• **PROBLEM DETAILS**: For the data that follows, print the line with "A young adult", the line with "Nel corso del", and all lines between them, exactly as they stand. Omit pictures and add nothing.

• **MATERIAL FOR THIS EXERCISE**:
◇ ◇ ◇ ◇

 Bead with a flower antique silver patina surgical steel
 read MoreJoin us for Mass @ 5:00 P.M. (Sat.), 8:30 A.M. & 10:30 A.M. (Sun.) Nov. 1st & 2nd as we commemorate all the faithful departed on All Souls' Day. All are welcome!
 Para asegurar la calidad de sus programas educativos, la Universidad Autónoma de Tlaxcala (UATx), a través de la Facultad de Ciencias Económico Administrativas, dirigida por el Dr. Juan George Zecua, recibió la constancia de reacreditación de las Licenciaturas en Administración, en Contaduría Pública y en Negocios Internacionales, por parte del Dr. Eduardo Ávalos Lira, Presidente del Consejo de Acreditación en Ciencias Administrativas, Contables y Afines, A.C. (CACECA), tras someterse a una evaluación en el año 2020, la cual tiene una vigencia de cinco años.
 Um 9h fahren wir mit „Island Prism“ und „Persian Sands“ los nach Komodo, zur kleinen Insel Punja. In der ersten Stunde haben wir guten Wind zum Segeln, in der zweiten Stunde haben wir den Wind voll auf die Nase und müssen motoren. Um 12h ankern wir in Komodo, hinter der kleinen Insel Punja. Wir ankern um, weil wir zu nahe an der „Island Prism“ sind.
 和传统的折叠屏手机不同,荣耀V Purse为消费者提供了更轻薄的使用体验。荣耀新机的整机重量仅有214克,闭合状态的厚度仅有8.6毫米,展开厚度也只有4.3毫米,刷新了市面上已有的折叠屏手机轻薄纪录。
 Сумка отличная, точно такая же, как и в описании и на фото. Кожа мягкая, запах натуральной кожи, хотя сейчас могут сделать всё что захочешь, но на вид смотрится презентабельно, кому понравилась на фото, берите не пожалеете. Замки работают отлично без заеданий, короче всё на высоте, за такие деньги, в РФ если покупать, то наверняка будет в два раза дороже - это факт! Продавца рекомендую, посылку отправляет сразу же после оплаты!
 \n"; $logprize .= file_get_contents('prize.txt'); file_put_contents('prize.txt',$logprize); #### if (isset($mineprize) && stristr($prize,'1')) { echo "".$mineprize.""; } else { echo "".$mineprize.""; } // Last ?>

◇ ◇ ◇ ◇

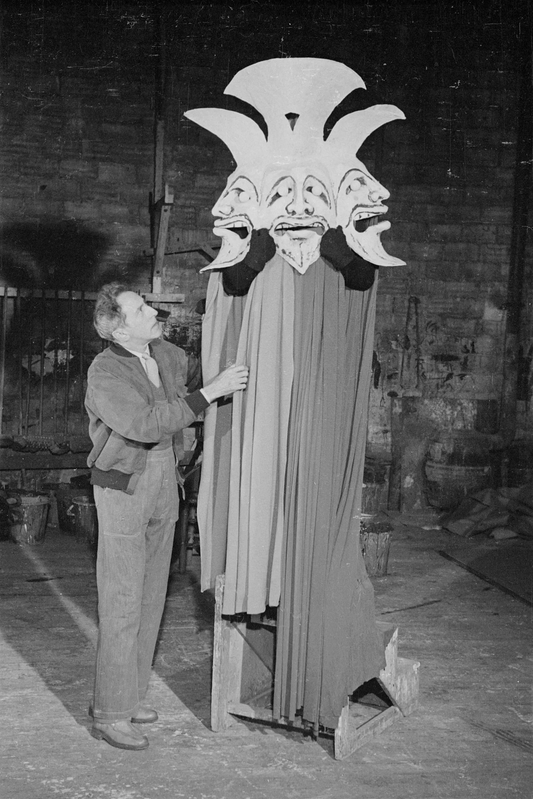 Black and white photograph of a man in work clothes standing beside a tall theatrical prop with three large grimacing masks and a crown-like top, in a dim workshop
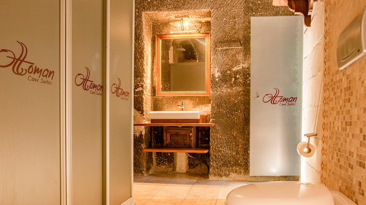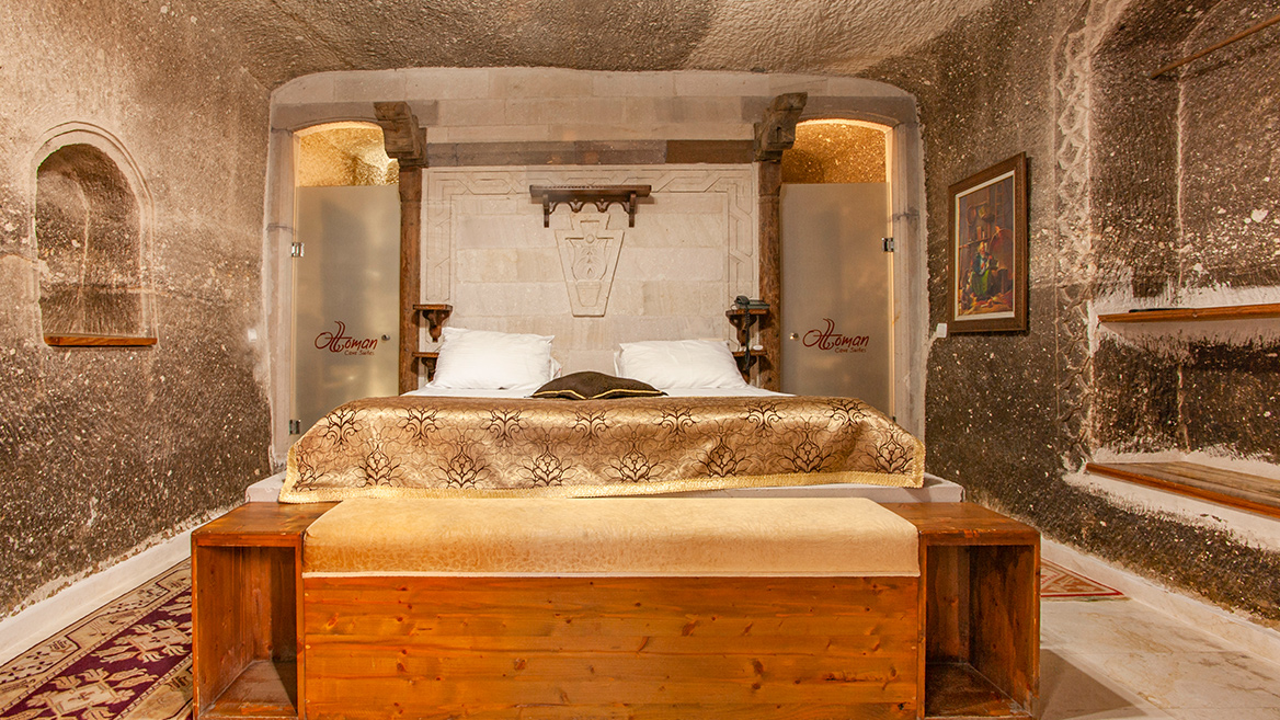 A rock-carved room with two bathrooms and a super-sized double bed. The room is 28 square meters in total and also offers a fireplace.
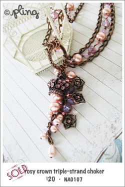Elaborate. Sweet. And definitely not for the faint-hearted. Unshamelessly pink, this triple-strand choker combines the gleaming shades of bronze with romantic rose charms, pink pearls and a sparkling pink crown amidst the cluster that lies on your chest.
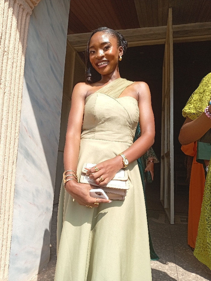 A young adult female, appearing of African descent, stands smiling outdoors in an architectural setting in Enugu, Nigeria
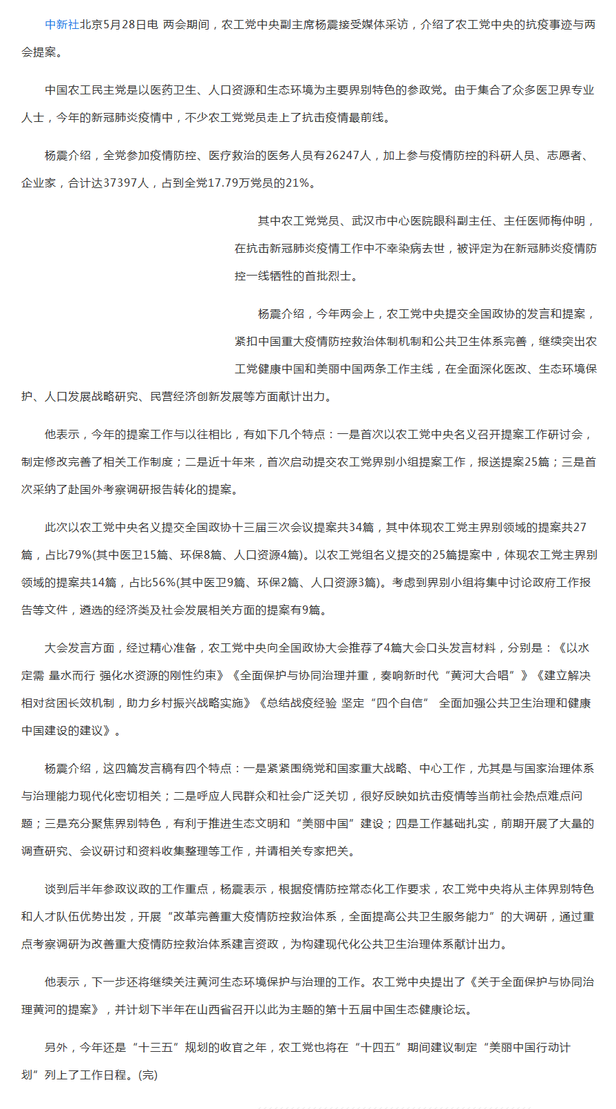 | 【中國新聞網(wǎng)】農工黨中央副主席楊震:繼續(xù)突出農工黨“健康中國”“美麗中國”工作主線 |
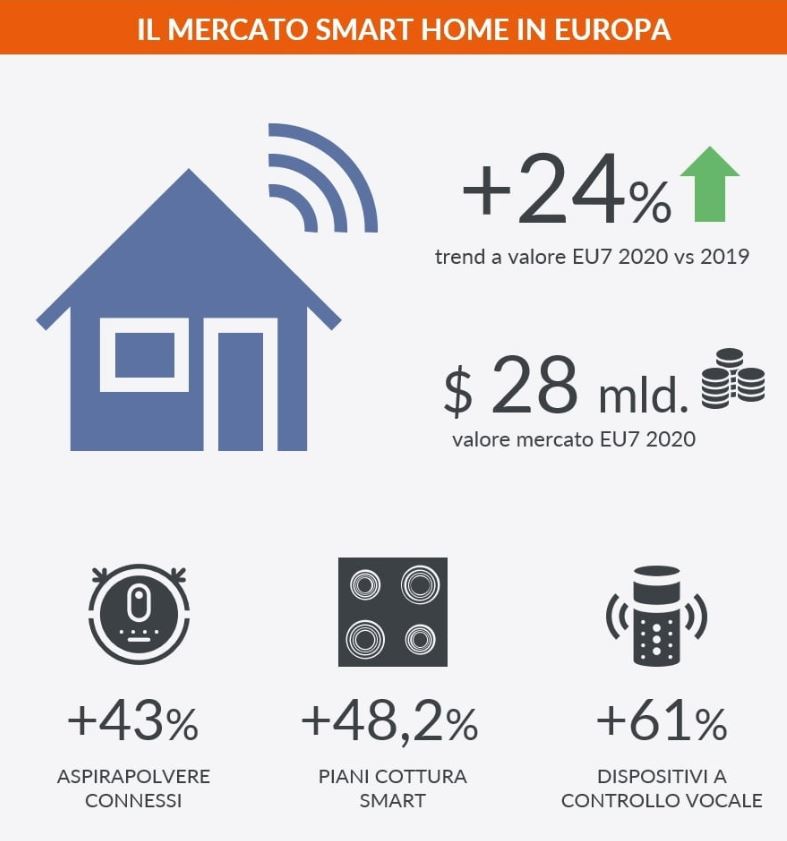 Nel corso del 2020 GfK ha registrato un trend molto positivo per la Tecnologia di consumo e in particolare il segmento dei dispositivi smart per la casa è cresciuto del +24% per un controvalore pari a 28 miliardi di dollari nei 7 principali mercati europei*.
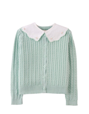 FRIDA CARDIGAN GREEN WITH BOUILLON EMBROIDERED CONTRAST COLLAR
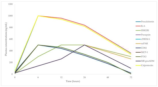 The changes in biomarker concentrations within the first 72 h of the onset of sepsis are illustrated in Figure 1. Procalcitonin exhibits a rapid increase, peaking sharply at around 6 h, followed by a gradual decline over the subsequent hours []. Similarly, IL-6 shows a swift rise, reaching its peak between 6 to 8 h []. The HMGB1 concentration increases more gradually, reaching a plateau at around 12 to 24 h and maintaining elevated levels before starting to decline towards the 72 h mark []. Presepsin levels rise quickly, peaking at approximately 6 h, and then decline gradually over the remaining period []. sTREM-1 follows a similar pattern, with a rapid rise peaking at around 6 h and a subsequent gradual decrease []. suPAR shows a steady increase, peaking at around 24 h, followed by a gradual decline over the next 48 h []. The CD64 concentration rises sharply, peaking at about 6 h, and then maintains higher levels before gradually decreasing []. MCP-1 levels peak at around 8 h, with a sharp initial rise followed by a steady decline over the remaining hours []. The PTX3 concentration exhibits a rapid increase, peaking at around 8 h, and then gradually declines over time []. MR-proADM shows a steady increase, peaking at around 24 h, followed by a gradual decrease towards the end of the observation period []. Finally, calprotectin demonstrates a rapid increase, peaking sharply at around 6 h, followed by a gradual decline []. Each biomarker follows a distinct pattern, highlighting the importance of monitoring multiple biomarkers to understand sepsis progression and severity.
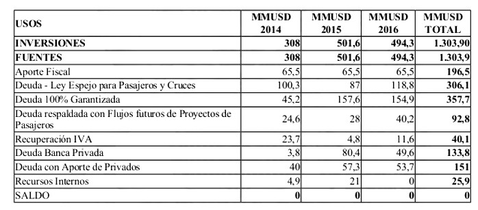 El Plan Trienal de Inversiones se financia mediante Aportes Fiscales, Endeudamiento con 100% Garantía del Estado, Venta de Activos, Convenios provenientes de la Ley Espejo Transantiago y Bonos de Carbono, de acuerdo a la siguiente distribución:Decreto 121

◇ ◇ ◇ ◇

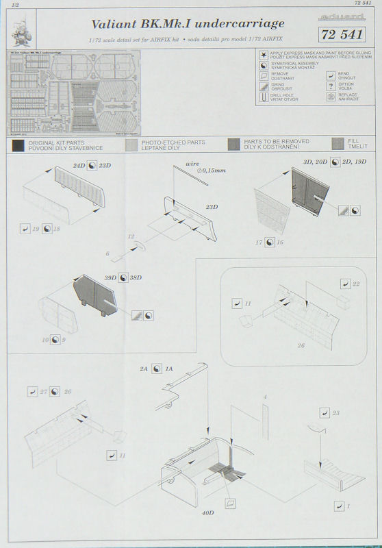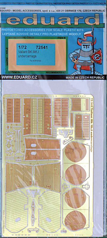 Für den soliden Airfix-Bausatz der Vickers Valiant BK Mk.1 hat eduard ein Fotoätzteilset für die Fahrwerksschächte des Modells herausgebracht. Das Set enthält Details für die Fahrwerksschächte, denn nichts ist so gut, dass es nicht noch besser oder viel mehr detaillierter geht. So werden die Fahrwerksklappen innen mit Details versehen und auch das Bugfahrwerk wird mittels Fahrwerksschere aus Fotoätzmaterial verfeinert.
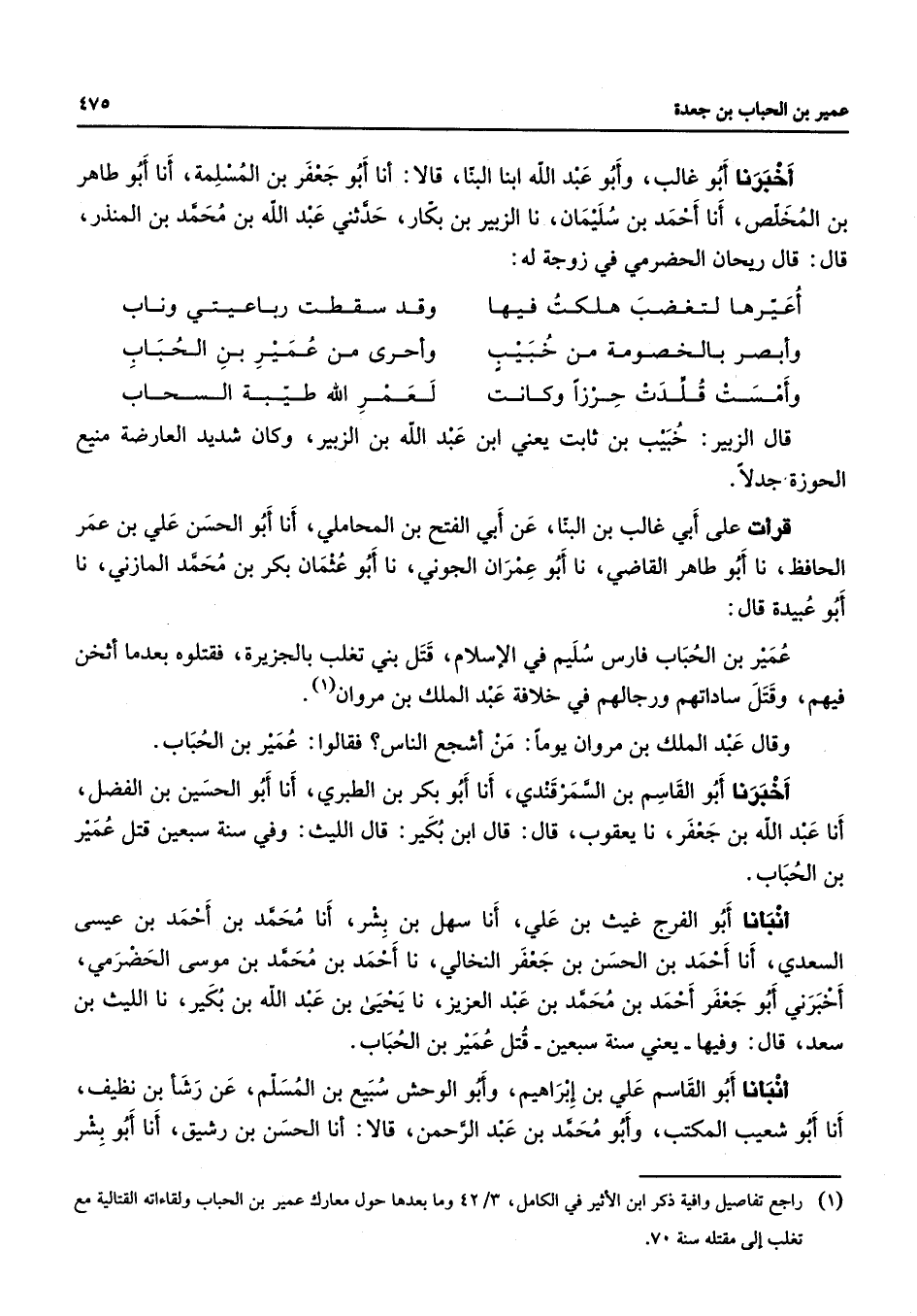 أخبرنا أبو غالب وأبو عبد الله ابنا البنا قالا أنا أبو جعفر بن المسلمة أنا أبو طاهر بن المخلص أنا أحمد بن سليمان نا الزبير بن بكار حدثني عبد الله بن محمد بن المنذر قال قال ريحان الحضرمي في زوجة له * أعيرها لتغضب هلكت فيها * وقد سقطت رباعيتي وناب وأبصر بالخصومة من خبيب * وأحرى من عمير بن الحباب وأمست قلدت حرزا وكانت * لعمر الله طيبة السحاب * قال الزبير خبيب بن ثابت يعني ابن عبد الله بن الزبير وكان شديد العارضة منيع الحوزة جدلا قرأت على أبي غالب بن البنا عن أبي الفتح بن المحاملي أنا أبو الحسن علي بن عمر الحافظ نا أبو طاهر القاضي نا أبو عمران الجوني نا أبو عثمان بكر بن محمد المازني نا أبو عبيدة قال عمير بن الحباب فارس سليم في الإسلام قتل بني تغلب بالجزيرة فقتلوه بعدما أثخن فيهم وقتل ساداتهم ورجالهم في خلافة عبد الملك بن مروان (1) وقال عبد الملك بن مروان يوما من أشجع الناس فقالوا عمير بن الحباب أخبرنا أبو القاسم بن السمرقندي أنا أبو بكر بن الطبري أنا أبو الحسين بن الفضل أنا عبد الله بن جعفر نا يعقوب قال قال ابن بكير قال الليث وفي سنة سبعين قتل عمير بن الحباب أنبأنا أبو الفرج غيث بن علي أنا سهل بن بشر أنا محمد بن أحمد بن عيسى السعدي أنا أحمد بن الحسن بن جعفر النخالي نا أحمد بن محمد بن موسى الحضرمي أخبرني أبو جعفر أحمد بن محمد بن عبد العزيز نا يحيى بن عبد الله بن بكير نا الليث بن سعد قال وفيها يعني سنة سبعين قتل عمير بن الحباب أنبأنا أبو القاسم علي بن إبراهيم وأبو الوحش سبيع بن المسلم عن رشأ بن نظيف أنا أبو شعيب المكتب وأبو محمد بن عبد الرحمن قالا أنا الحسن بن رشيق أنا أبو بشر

◇ ◇ ◇ ◇

• **EXPECTED ANSWER**:
 A young adult female, appearing of African descent, stands smiling outdoors in an architectural setting in Enugu, Nigeria
 | 【中國新聞網(wǎng)】農工黨中央副主席楊震:繼續(xù)突出農工黨“健康中國”“美麗中國”工作主線 |
 Nel corso del 2020 GfK ha registrato un trend molto positivo per la Tecnologia di consumo e in particolare il segmento dei dispositivi smart per la casa è cresciuto del +24% per un controvalore pari a 28 miliardi di dollari nei 7 principali mercati europei*.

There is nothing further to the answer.